→ What needs to be done
Copy each line below as it stands, but skip any picture it contains.

→ Source data
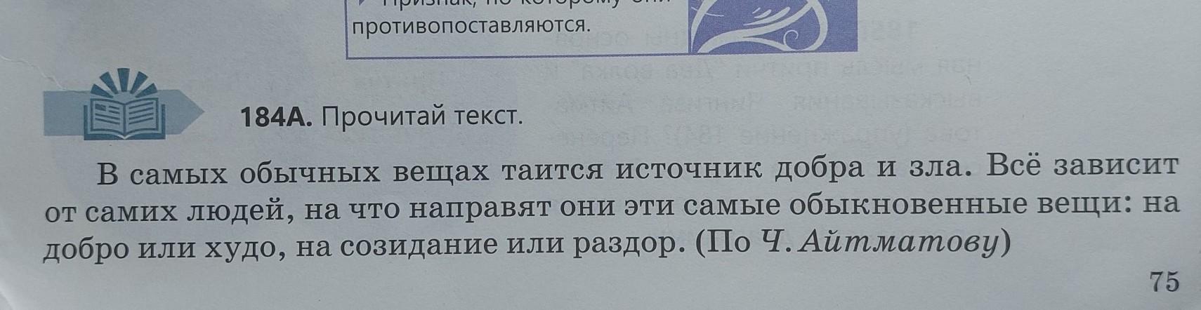 184В. Найди в тексте антонимы. Запиши в данную таблицу пары антонимов по темам "Добро" и "Зло" из текста, подбери свои.
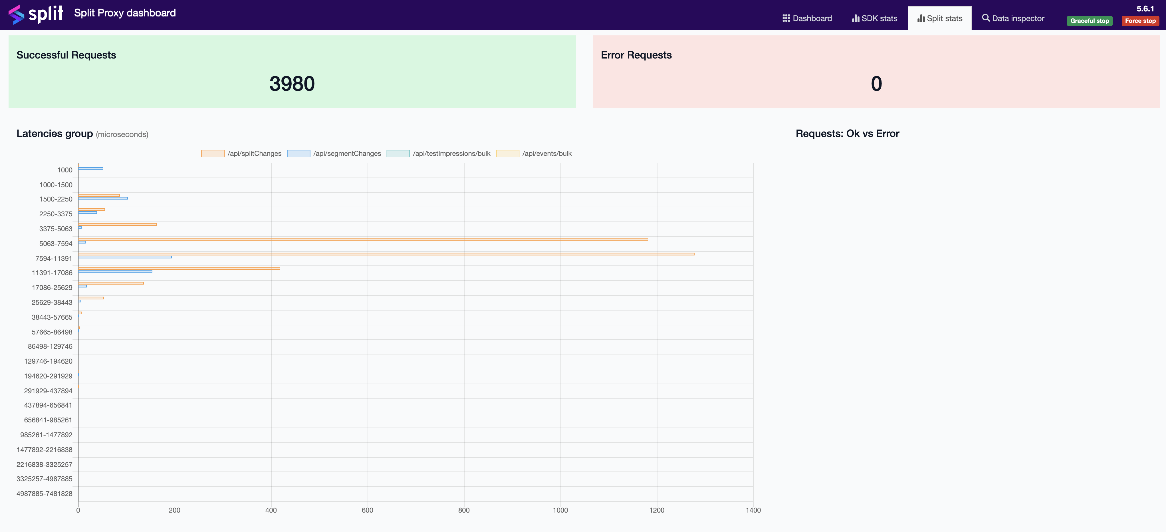 - Split stats: Metrics numbers and a latency graph, measured between proxy requests integration with Harness servers
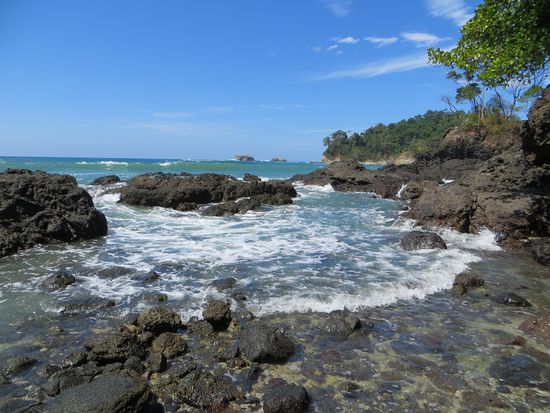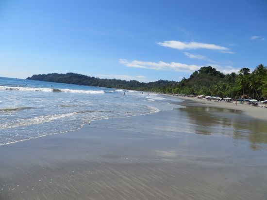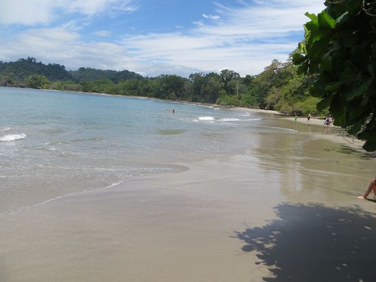Wir frühstücken um 7 Uhr im super schönen Restaurant des Hostels Costa Linda. Hier gibt es ein tolles Frühstück für 2000 Colónes (ca. 3 Euro) mit Rührei, Gallo Pinto (typischer costaricanischer Bohenenreis), sehr viel frischem Obst, Pancakes und Kaffee so viel man mag. Selbst die Einheimischen frühstücken hier, denn das Preis - Leistungsverhältnis ist wirklich unschlagbar. Gut gestärkt geht es in den Nationalpark. Eintritt kostet 10$ pro Person, man will uns noch einen Guide andrehen, aber wir wollen es erst einmal ohne Führer versuchen. Mit einer Karte bestückt wandern wir los und können erst einmal keine Tiere entdecken. Langsam macht sich Enttäuschung breit, wo sind denn die Kapuzineräffchen, Brüllaffen, Faultiere, Warane, Waschbären und Co?
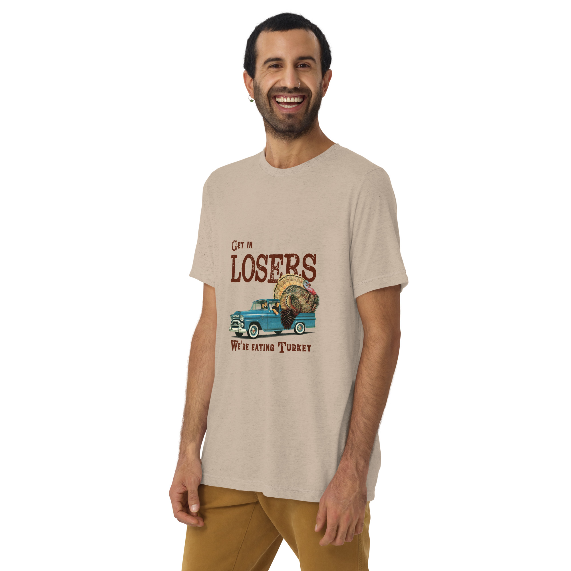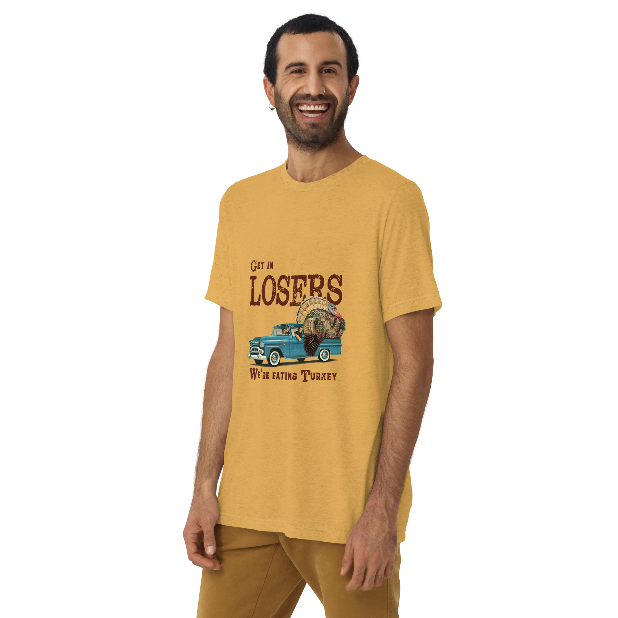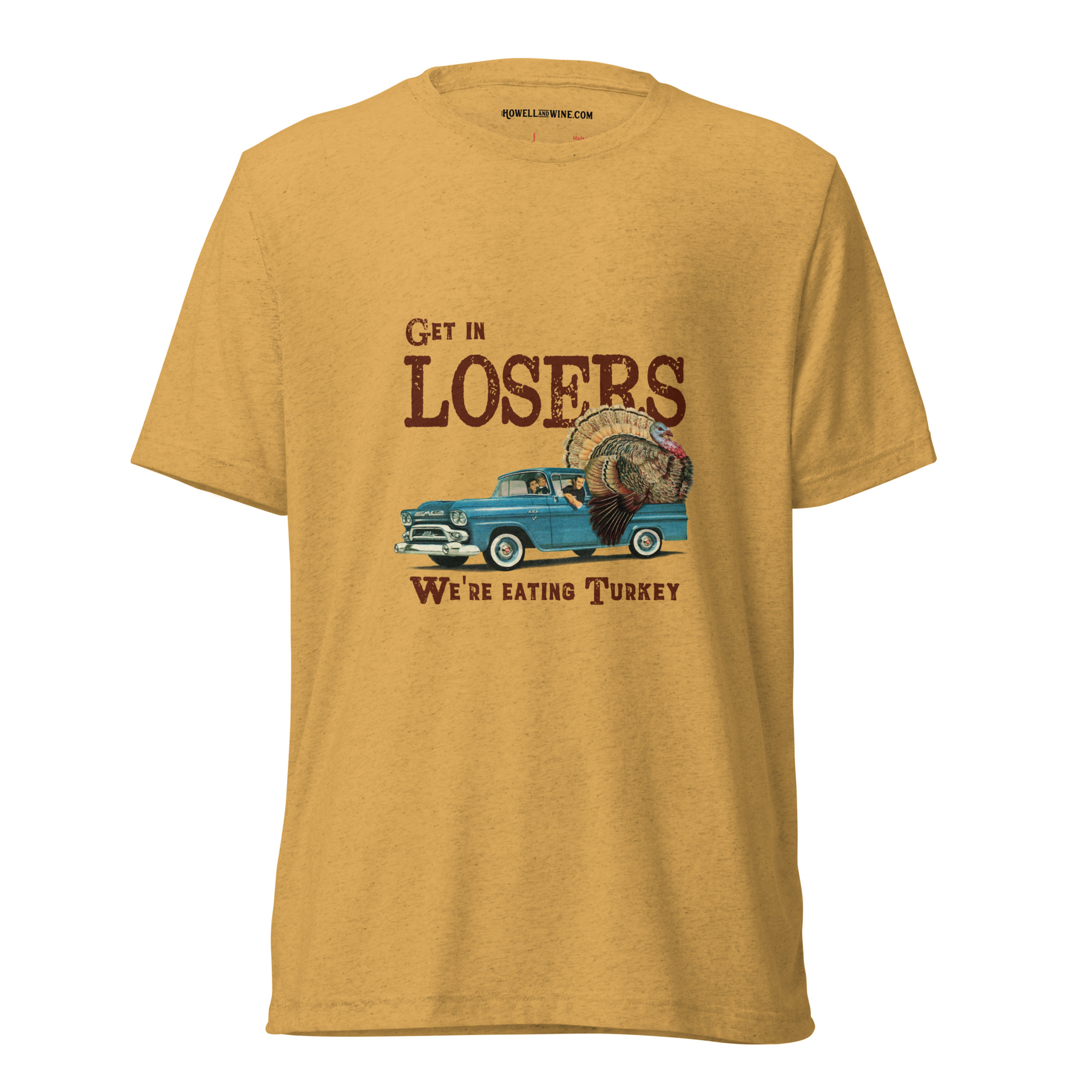 Buckle up, buttercup — it’s turkey o’clock. This pickup’s packed with bad decisions, good gravy, and one seriously overstuffed bird. Whether you’re rolling up to Grandma’s or outrunning your food coma, this shirt says you came to feast and cause a little chaos. The tri-blend keeps things comfy and chaos-ready. The vintage, fitted look and soft feel make it your go-to for every holiday road trip — or escape.

→ Output below
 184В. Найди в тексте антонимы. Запиши в данную таблицу пары антонимов по темам "Добро" и "Зло" из текста, подбери свои.
 - Split stats: Metrics numbers and a latency graph, measured between proxy requests integration with Harness servers
Wir frühstücken um 7 Uhr im super schönen Restaurant des Hostels Costa Linda. Hier gibt es ein tolles Frühstück für 2000 Colónes (ca. 3 Euro) mit Rührei, Gallo Pinto (typischer costaricanischer Bohenenreis), sehr viel frischem Obst, Pancakes und Kaffee so viel man mag. Selbst die Einheimischen frühstücken hier, denn das Preis - Leistungsverhältnis ist wirklich unschlagbar. Gut gestärkt geht es in den Nationalpark. Eintritt kostet 10$ pro Person, man will uns noch einen Guide andrehen, aber wir wollen es erst einmal ohne Führer versuchen. Mit einer Karte bestückt wandern wir los und können erst einmal keine Tiere entdecken. Langsam macht sich Enttäuschung breit, wo sind denn die Kapuzineräffchen, Brüllaffen, Faultiere, Warane, Waschbären und Co?
 Buckle up, buttercup — it’s turkey o’clock. This pickup’s packed with bad decisions, good gravy, and one seriously overstuffed bird. Whether you’re rolling up to Grandma’s or outrunning your food coma, this shirt says you came to feast and cause a little chaos. The tri-blend keeps things comfy and chaos-ready. The vintage, fitted look and soft feel make it your go-to for every holiday road trip — or escape.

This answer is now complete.